I didn’t use to be like this – but Nishaya’s diagnosis also really made me dive into self-development. I had to help myself before I helped Nishaya. That’s why I think she’s birthed a new version of me, because I had to reinvent myself in order to help my child.

How do you care for yourself when you have to care for others?

By taking care of my mind first. If my mind is strong then I can succeed in anything. I believe in living in a positive bubble.

I’ve had to live that way because I’ve seen the result. Instead of worrying about surgeries I decided to help ourselves – invested into buying a spinal suit for her – because you know that you’ve gotta help yourself as well.

As a mum I feel like I don’t want to ever live with regrets. I’m making sure that everything I have in my power I’m doing it.

Looking back on Nishi’s wish day, can you remember the best part from your perspective as her mum?

It was beautiful – the whole day. There’s so many different memories in my head. Everyone was gathered around Nishaya, and it made me feel so special that the whole day was about her. It was just before her big surgery – before it was postponed. And Nishaya loves her spa to this day.

 

How did Nishi’s wish affect you personally?

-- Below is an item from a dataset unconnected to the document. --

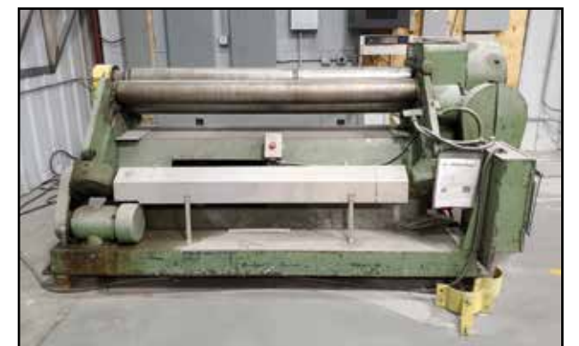
WYSONG 5' Power Pinch Roller

It’s made me a believer that there’s so many good people out in the world. It’s made me believe more in magic and miracles in the world.

 

What would you say to other mums who are in a similar situation?

Don’t give up. We are so blessed to have our children. Yes, the journey is hard, but it’s the greatest blessing to have these kids come into our lives – they teach us so much.

It’s just about love. Just love your kids.

And mums, take care of yourselves as well. If you can, have someone help you. It’s important to have some me time. You’ve gotta fill your cup up first before it can overflow to other people.